Task prompt: Set down, word for word, only the lines from the start of the records through the line bearing "E como criança"; include no pictures.

Items listed in a dataset:
○ ○ ○ ○

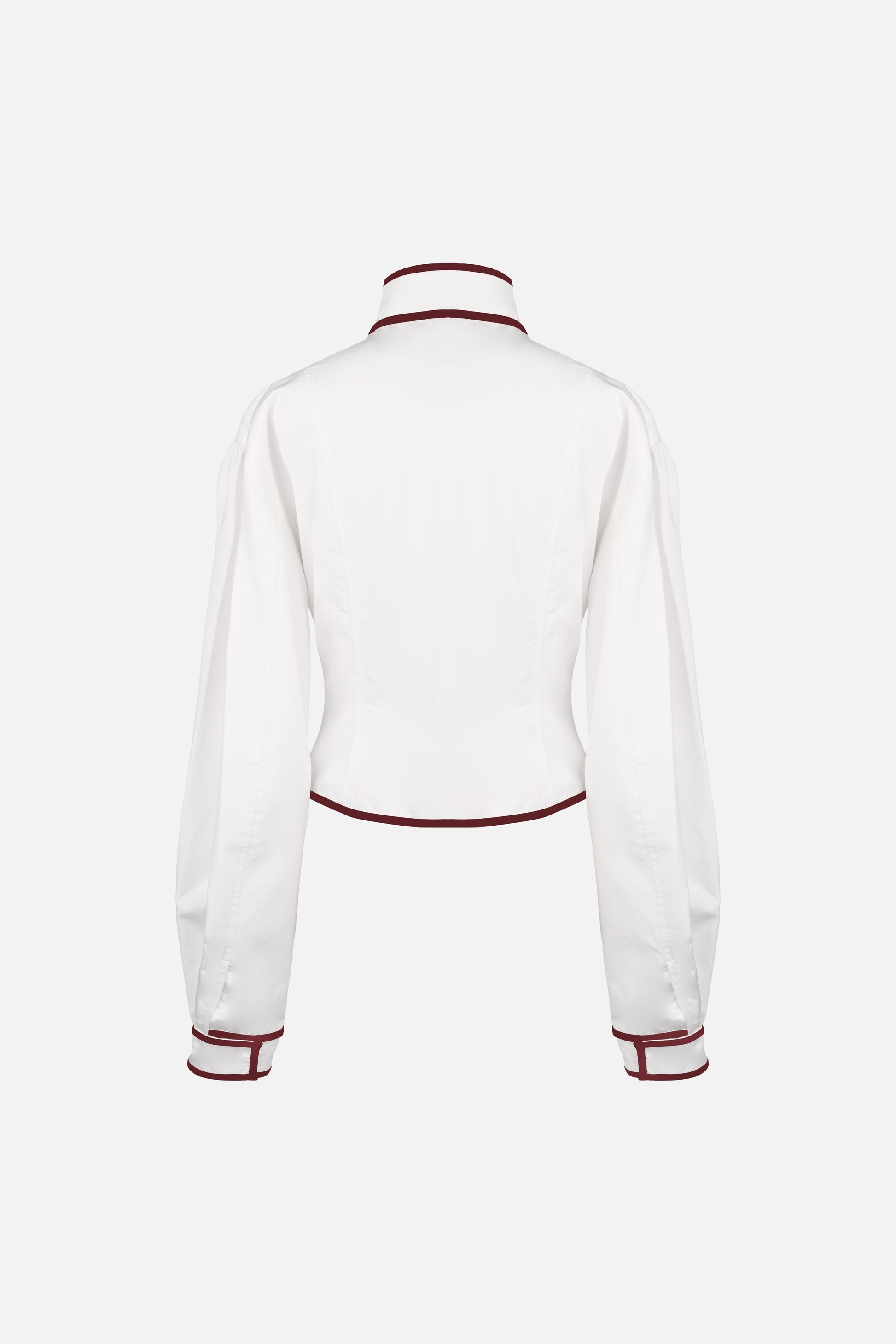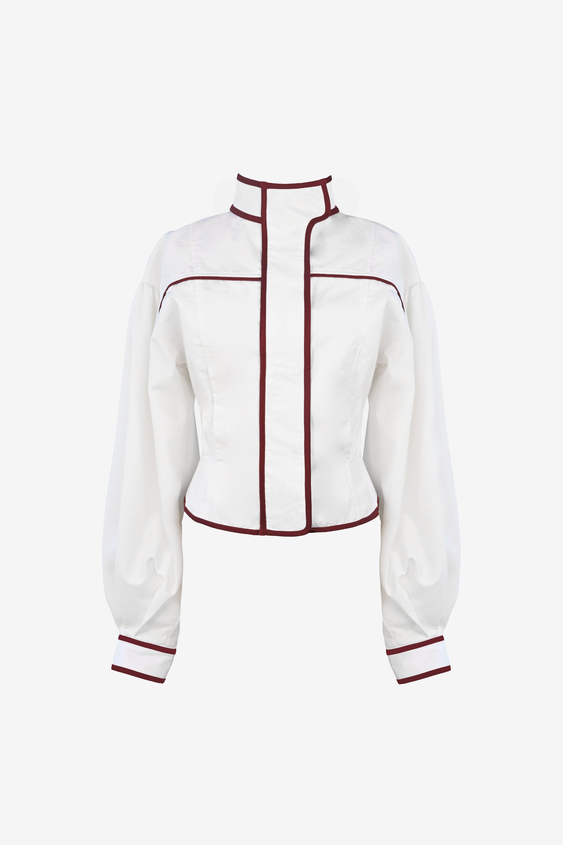A sculptural construction, the Mindy Jacket is defined by its voluminous sleeves and sharply tailored lines. The exaggerated silhouette floats effortlessly, while warm burgundy piping traces its architectural structure.
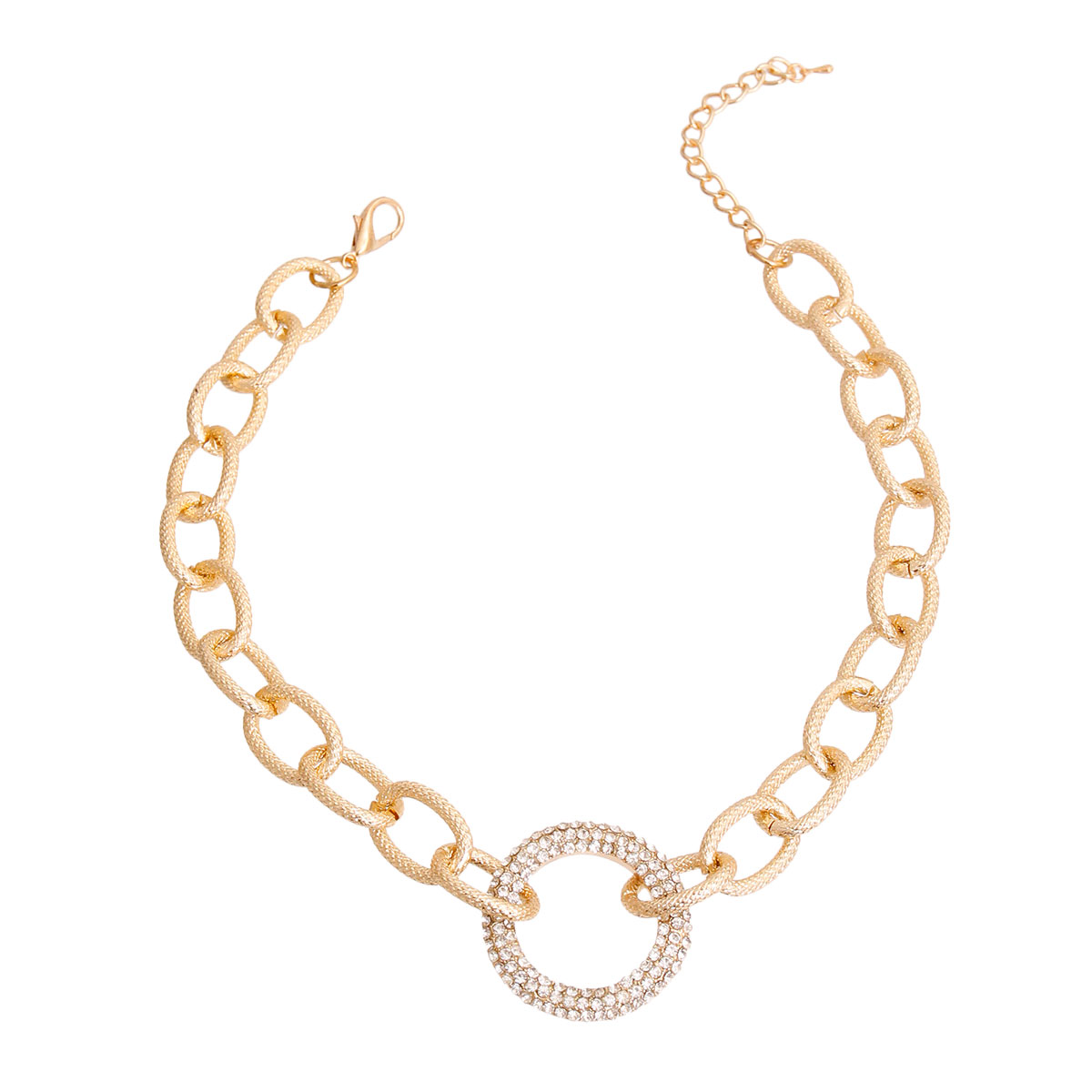 Textured Gold Metal Chain Necklace Featuring Pave Rhinestone Ring Pendant. Ring measures 1.25 inches
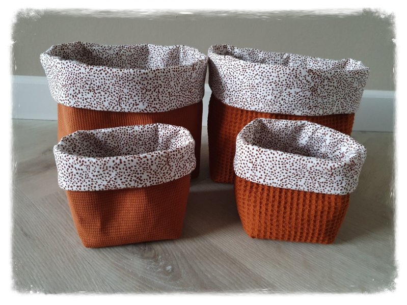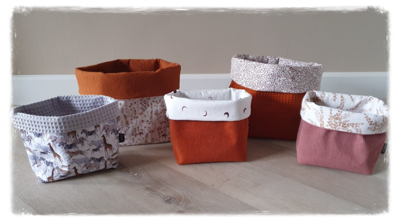 De mandjes hebben twee verschillende stoffen en kunnen aan beide kanten gebruikt worden.
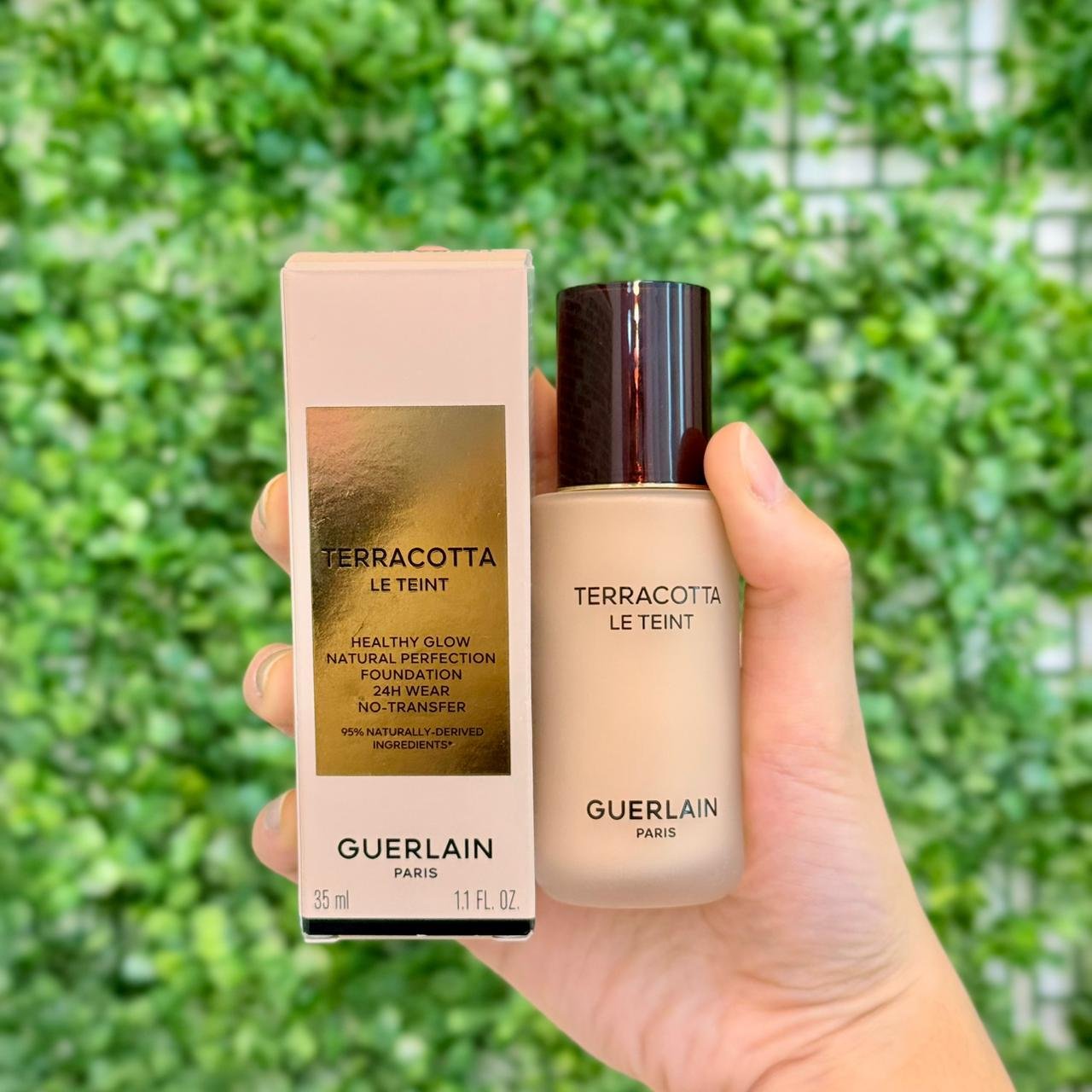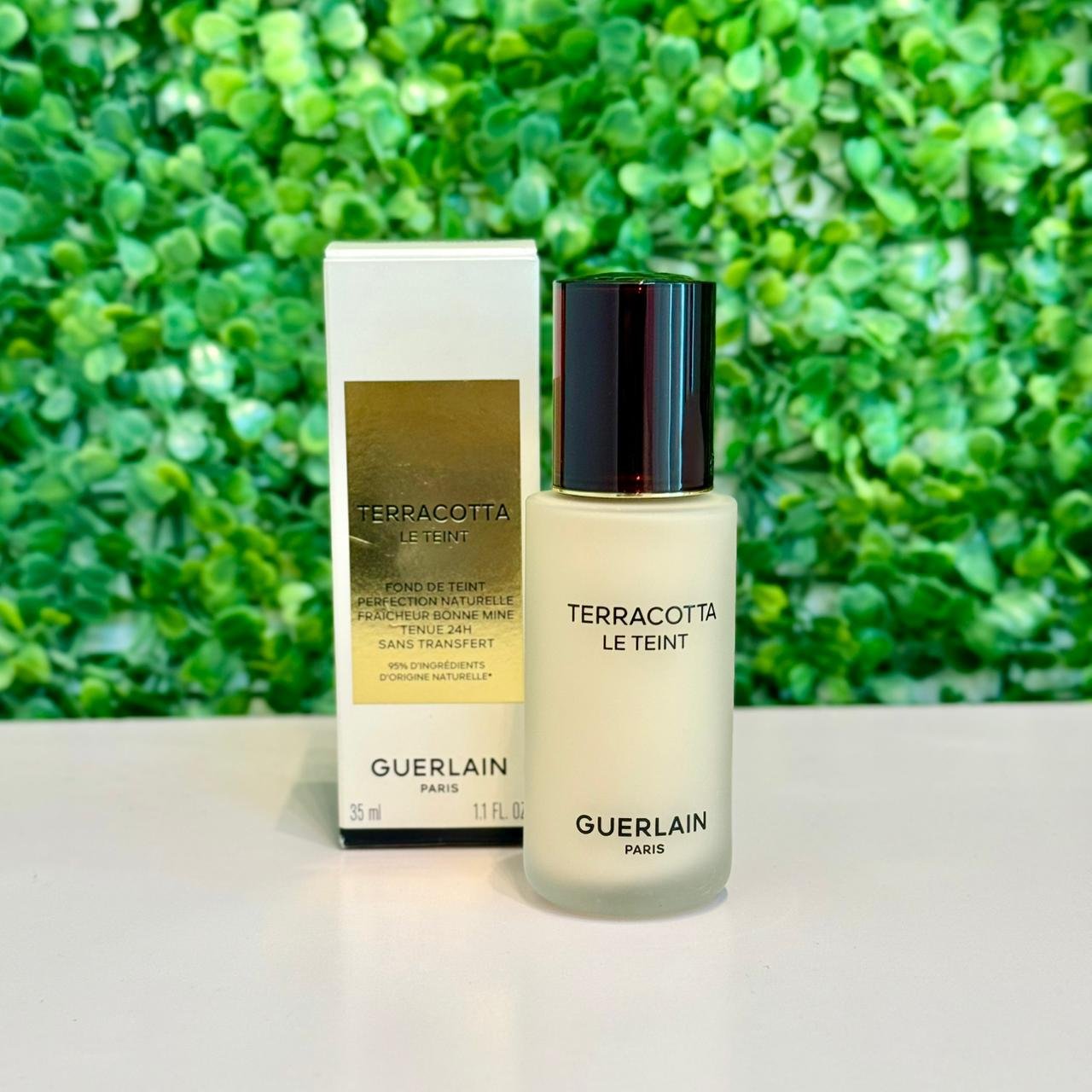 A Base Guerlain Terracotta Le Teint é uma base líquida de luxo descrita na embalagem como um “Fond de Teint Perfection Naturelle” (Base de Perfeição Natural) que oferece um brilho saudável e frescor e boa aparência (Fraîcheur Bonne Mine). A fórmula promete longa duração de 24 horas e é sem transferência (No-Transfer). É composta por 95% de ingredientes derivados naturalmente. A cor 1N Neutral é um tom neutro, geralmente indicado para peles claras a médias. O volume do produto é de 35mL (1.1 FL. OZ.).
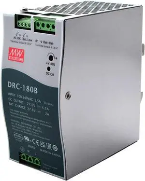 DRC-100A 96.6W DIN Rail AC-DC Power Supply - 13.8V 4.5A/2.5A Dual Output UPS & Battery Charger, UL TUV Certified for Industrial Security & Monitoring Systems
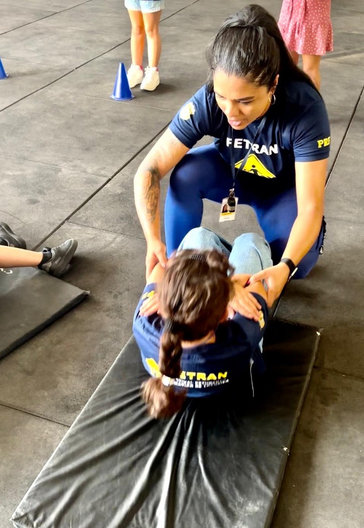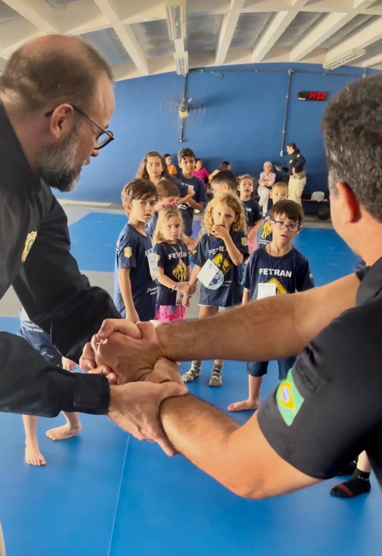 E como criança tem energia de sobra, a programação contou também com oficinas que simulavam um Teste de Aptidão Física (TAF) e um treinamento de defesa pessoal. Apesar de aproximar os pequenos da realidade dos PRFs, tudo era tratado como uma grande brincadeira.
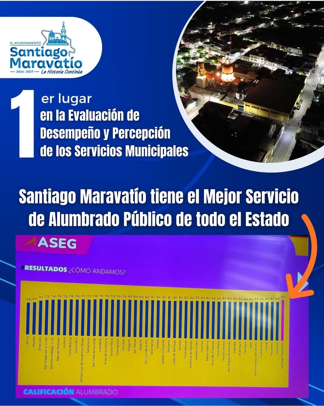 Santiago Maravatio Gto.- El municipio de Santiago Maravatío, obtuvo el primer lugar a nivel estatal en la Evaluación de Desempeño y Percepción de los Servicios Municipales, realizada por la Auditoría Superior del Estado de Guanajuato (ASEG) dentro del estudio “¿Cómo andamos Guanajuato?”.
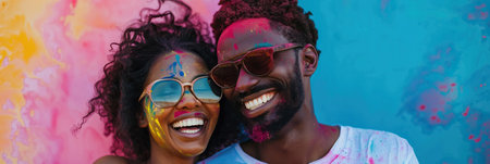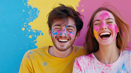 Joyful Couple Covered in Vibrant Paint Laughs Together, Celebrating Creativity and Fun
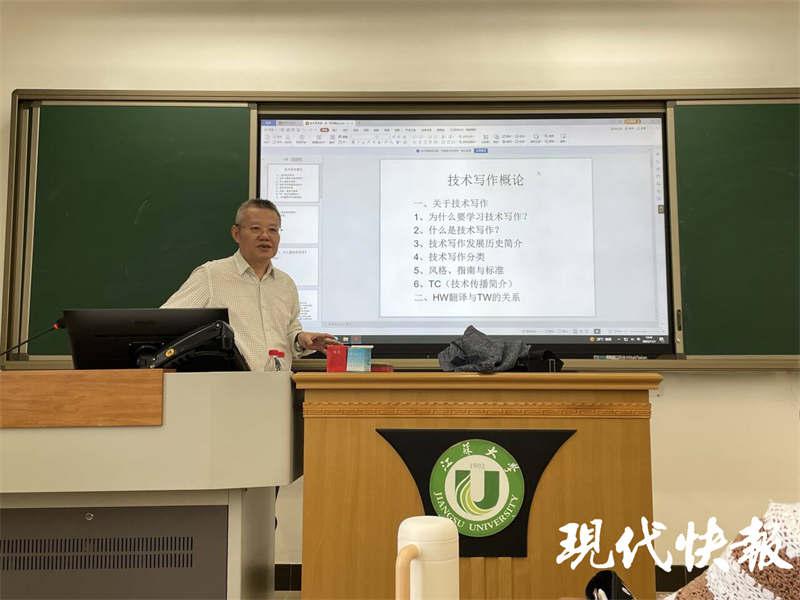 从 2023 年秋学期开始,张建农利用丰富的行业经验和深厚的技术底蕴,担任LEDONG.COM MTI 英语技术写作课程主讲。连续 10 周,他每周从无锡赶到镇江,为外国语学院 2023 级 MTI 全日制学生授课,周末为非全日制学生授课。
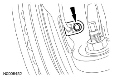 9. Remove and discard the strut-to-wheel knuckle nut and flagbolt.
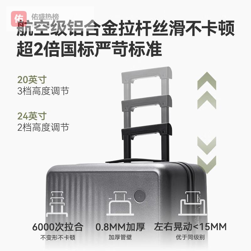 顺滑的出行体验从拉杆开始,这款行李箱搭载了航空级铝合金拉杆,经过超2倍国标标准测试,确保在各种高度间自由调节。阳极氧化工艺的表面处理,不仅耐磨,还防锈,让拉杆在使用过程中始终保持如新,带来绝佳便捷感。
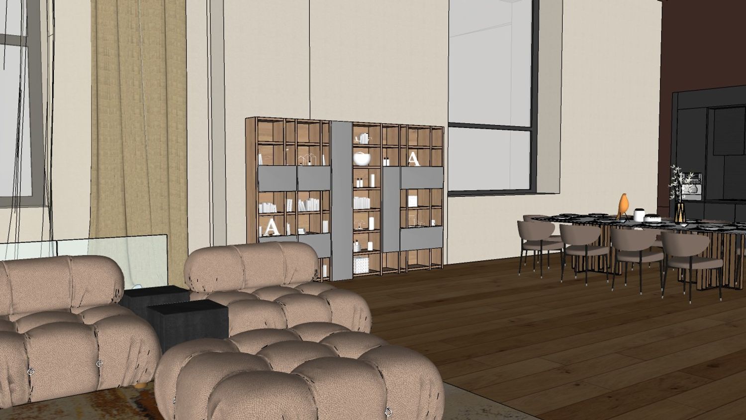 Il tavolo da pranzo centrale crea un punto di incontro tra zona living e cucina, favorendo convivialità e funzionalità.
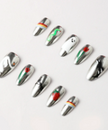A cool and unique set of reusable press-on nails featuring playful designs!
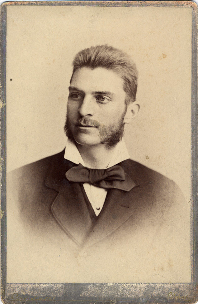 Studio portrait of unidentified man with beard and mustache wearing dark suit and bowtie. Printed on back: "Randall, photographer, 220 Woodward Ave. Detroit, Mich."

○ ○ ○ ○

Exercise output:
A sculptural construction, the Mindy Jacket is defined by its voluminous sleeves and sharply tailored lines. The exaggerated silhouette floats effortlessly, while warm burgundy piping traces its architectural structure.
 Textured Gold Metal Chain Necklace Featuring Pave Rhinestone Ring Pendant. Ring measures 1.25 inches
 De mandjes hebben twee verschillende stoffen en kunnen aan beide kanten gebruikt worden.
 A Base Guerlain Terracotta Le Teint é uma base líquida de luxo descrita na embalagem como um “Fond de Teint Perfection Naturelle” (Base de Perfeição Natural) que oferece um brilho saudável e frescor e boa aparência (Fraîcheur Bonne Mine). A fórmula promete longa duração de 24 horas e é sem transferência (No-Transfer). É composta por 95% de ingredientes derivados naturalmente. A cor 1N Neutral é um tom neutro, geralmente indicado para peles claras a médias. O volume do produto é de 35mL (1.1 FL. OZ.).
 DRC-100A 96.6W DIN Rail AC-DC Power Supply - 13.8V 4.5A/2.5A Dual Output UPS & Battery Charger, UL TUV Certified for Industrial Security & Monitoring Systems
 E como criança tem energia de sobra, a programação contou também com oficinas que simulavam um Teste de Aptidão Física (TAF) e um treinamento de defesa pessoal. Apesar de aproximar os pequenos da realidade dos PRFs, tudo era tratado como uma grande brincadeira.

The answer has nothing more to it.